*Action item*. Skipping any pictures, give all of the records below again exactly.

BEGIN

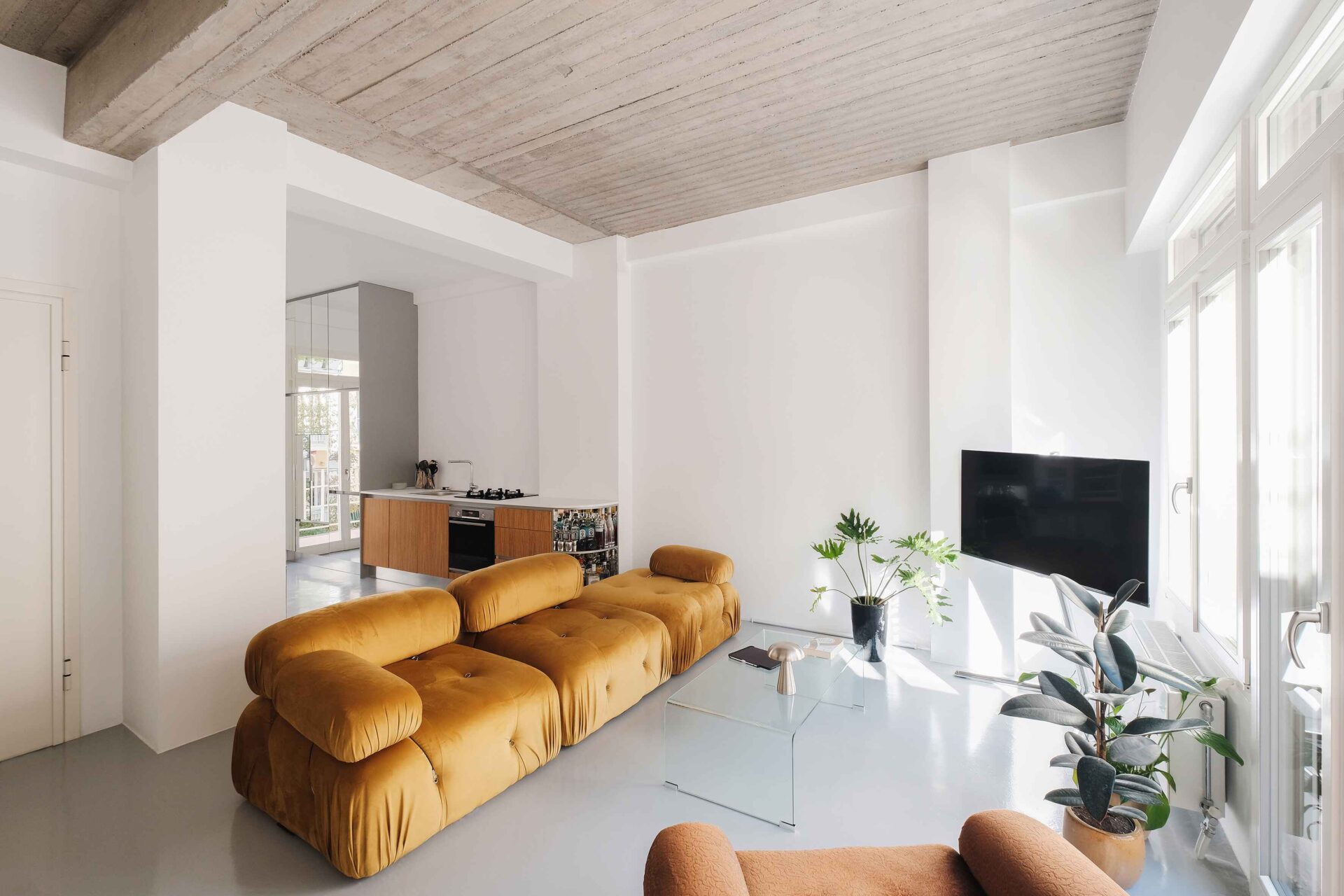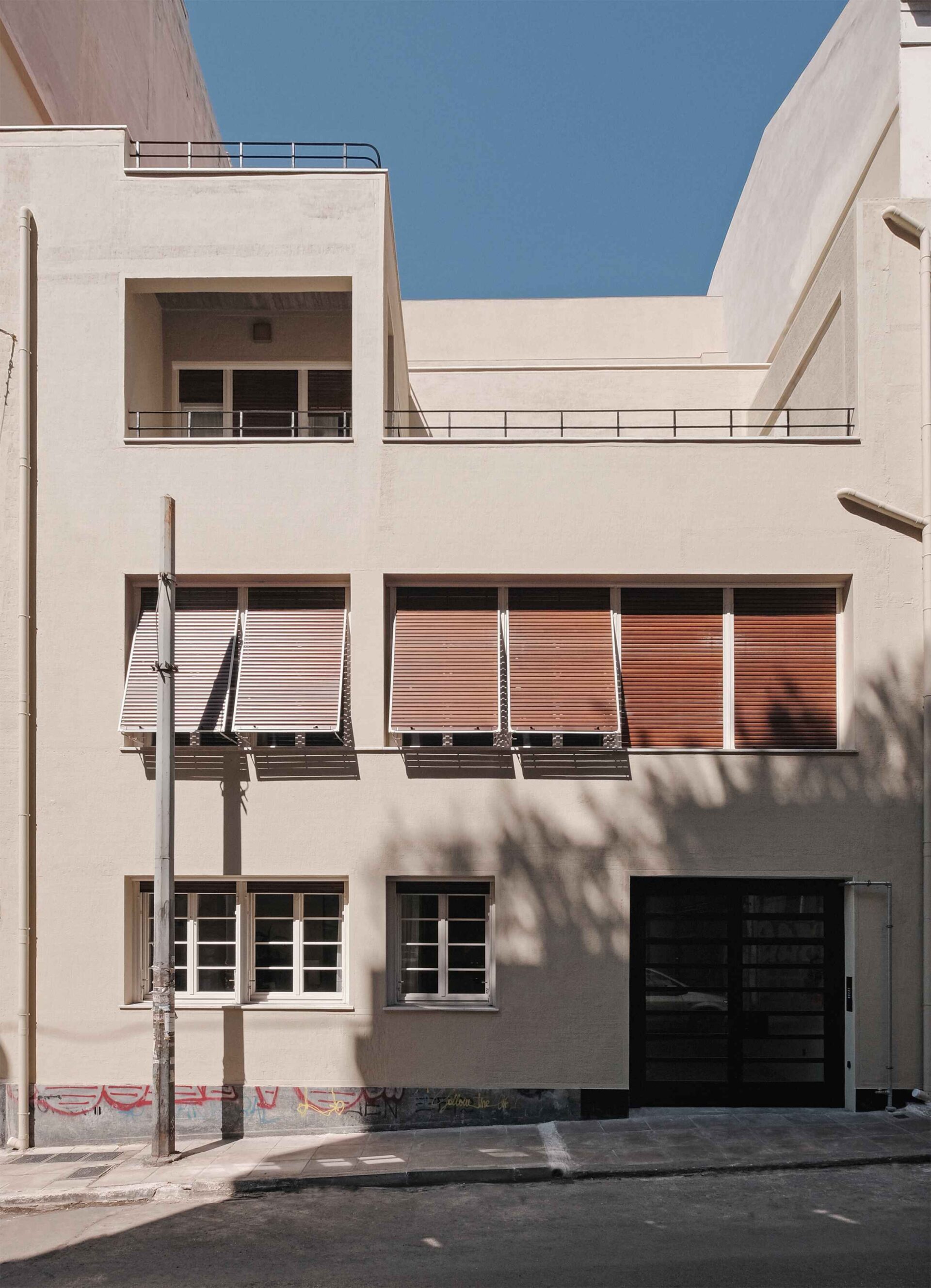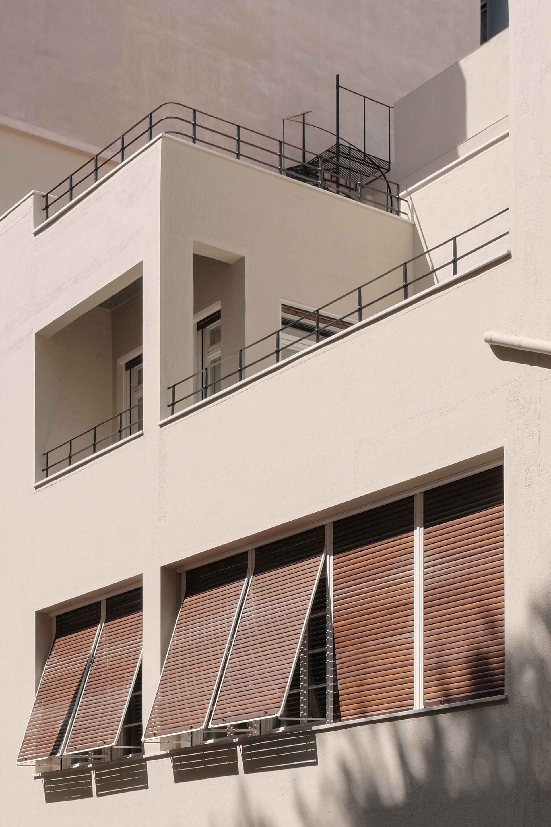 The old concrete structure has been maintained and reinforced where it was necessary, while a new slab was constructed for the top floor. Built in the 1930s, it was not connected to modern sewage, water supply and electricity networks which had to be restored. During the renovation, all the decisions concerning the upgrades was made with the aim of protecting and respecting the heritage of the building. The renovation restored the building to its original condition as much as possible, while simultaneously brought to the surface a new updated form, complying to contemporary living needs and city's regulations. Special attention was given to the energy upgrade of the building. This is evident by the wooden framed windows that were installed, which resemble the original ones but comply with current energy efficiency regulations. This restoration posed challenges in both cultural and social terms, in identifying the fine balance between a functional and an archaeological approach with respect to both the initial intentions of the architect and the current socio-political conditions in the centre of the metropolis of Athens. Thus, it was imperative to create a meaningful design out of subtleties and avoiding potential flamboyant tendencies seen in recent restorations.
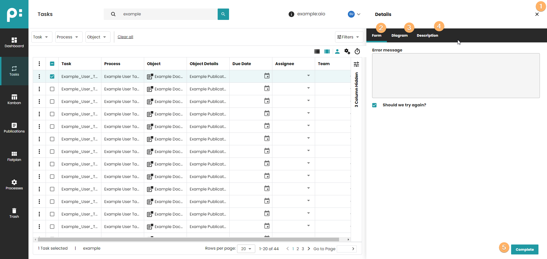 - The tab Form always contains a Complete button, for telling the system that the user task was completed. Do not click accidentally. Completing a task will let the process go on.
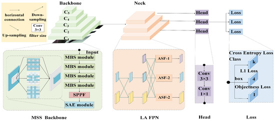 As shown in the Neck part of the overall architecture in Figure 1, different levels of low-, middle-, and top-level features are extracted in the bottom-up feature extraction process of the backbone network. For feature fusion, low-level features are first fed into the feature pyramid network, and then high-level features are gradually added. If feature fusion is performed directly, the fusion effect of non-adjacent level features will be poor, because the semantic gap between non-adjacent level features is larger than the semantic gap between adjacent level features, especially the bottom and top features. Therefore, an asymptotic architecture is adopted to first fuse two adjacent low-level features, and then gradually incorporates mid-level features and top-level features into the fusion process. In the process of multi-level feature fusion, ASF is used to assign different spatial weights to features at different levels, which enhances the importance of key levels and alleviates the impact of conflicting information on different targets.
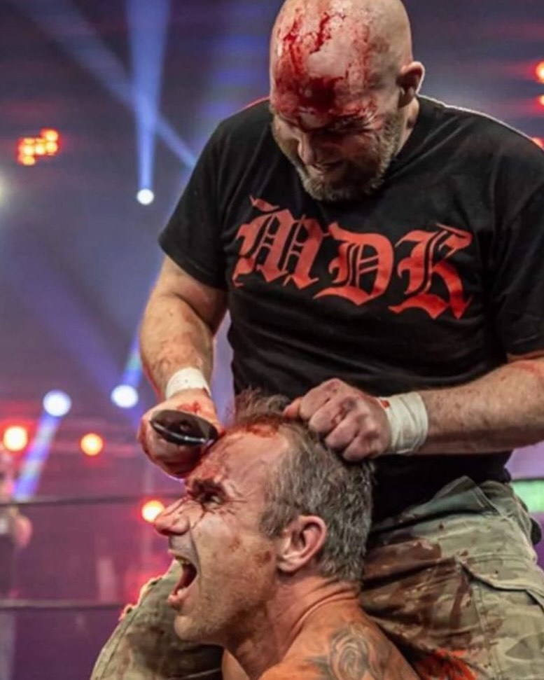 Et là Jonathan, il y a eu un combat avec des échelles! Il y avait des tables! Là ils avaient le droit d’aller en bas. C’est un combat que le premier qui monte dans l’échelle et pogne la ceinture y gagne. Pis là tout le monde s’est essayé! SeXXXy Eddé! Pas été capable de le faire. Les autres non plus, pas capable de faire ça.
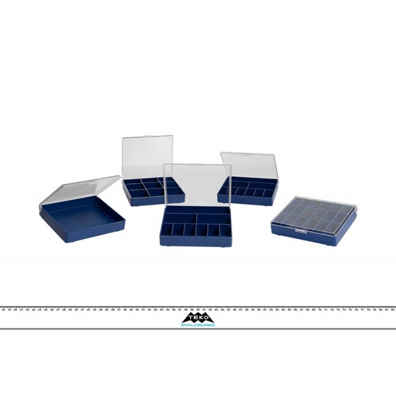 Caja con tapa transparente, y base de color azul. Incluye compartimentos interiores.
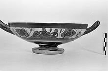 | Description: | Mended from many fragments. Missing less than a third of the rim, a chip from the base, and small interior chips. Two reclining figures on either side, facing left. Blobby filling ornament at level of their heads. Accessory red for fillets and garment folds, white for the garlands around their necks and for the central dot on the outer part of the eye ornament. Scene on the other side very fragmentary; slight variation in pose. Interior glazed save narrow reserved band, at rim and reserved center with dot within circle. Resting surface of the base reserved and top of hollow inside. The very short stem colored red. | |

END

*Reply to the exercise*.
 The old concrete structure has been maintained and reinforced where it was necessary, while a new slab was constructed for the top floor. Built in the 1930s, it was not connected to modern sewage, water supply and electricity networks which had to be restored. During the renovation, all the decisions concerning the upgrades was made with the aim of protecting and respecting the heritage of the building. The renovation restored the building to its original condition as much as possible, while simultaneously brought to the surface a new updated form, complying to contemporary living needs and city's regulations. Special attention was given to the energy upgrade of the building. This is evident by the wooden framed windows that were installed, which resemble the original ones but comply with current energy efficiency regulations. This restoration posed challenges in both cultural and social terms, in identifying the fine balance between a functional and an archaeological approach with respect to both the initial intentions of the architect and the current socio-political conditions in the centre of the metropolis of Athens. Thus, it was imperative to create a meaningful design out of subtleties and avoiding potential flamboyant tendencies seen in recent restorations.
 - The tab Form always contains a Complete button, for telling the system that the user task was completed. Do not click accidentally. Completing a task will let the process go on.
 As shown in the Neck part of the overall architecture in Figure 1, different levels of low-, middle-, and top-level features are extracted in the bottom-up feature extraction process of the backbone network. For feature fusion, low-level features are first fed into the feature pyramid network, and then high-level features are gradually added. If feature fusion is performed directly, the fusion effect of non-adjacent level features will be poor, because the semantic gap between non-adjacent level features is larger than the semantic gap between adjacent level features, especially the bottom and top features. Therefore, an asymptotic architecture is adopted to first fuse two adjacent low-level features, and then gradually incorporates mid-level features and top-level features into the fusion process. In the process of multi-level feature fusion, ASF is used to assign different spatial weights to features at different levels, which enhances the importance of key levels and alleviates the impact of conflicting information on different targets.
 Et là Jonathan, il y a eu un combat avec des échelles! Il y avait des tables! Là ils avaient le droit d’aller en bas. C’est un combat que le premier qui monte dans l’échelle et pogne la ceinture y gagne. Pis là tout le monde s’est essayé! SeXXXy Eddé! Pas été capable de le faire. Les autres non plus, pas capable de faire ça.
 Caja con tapa transparente, y base de color azul. Incluye compartimentos interiores.
 | Description: | Mended from many fragments. Missing less than a third of the rim, a chip from the base, and small interior chips. Two reclining figures on either side, facing left. Blobby filling ornament at level of their heads. Accessory red for fillets and garment folds, white for the garlands around their necks and for the central dot on the outer part of the eye ornament. Scene on the other side very fragmentary; slight variation in pose. Interior glazed save narrow reserved band, at rim and reserved center with dot within circle. Resting surface of the base reserved and top of hollow inside. The very short stem colored red. | |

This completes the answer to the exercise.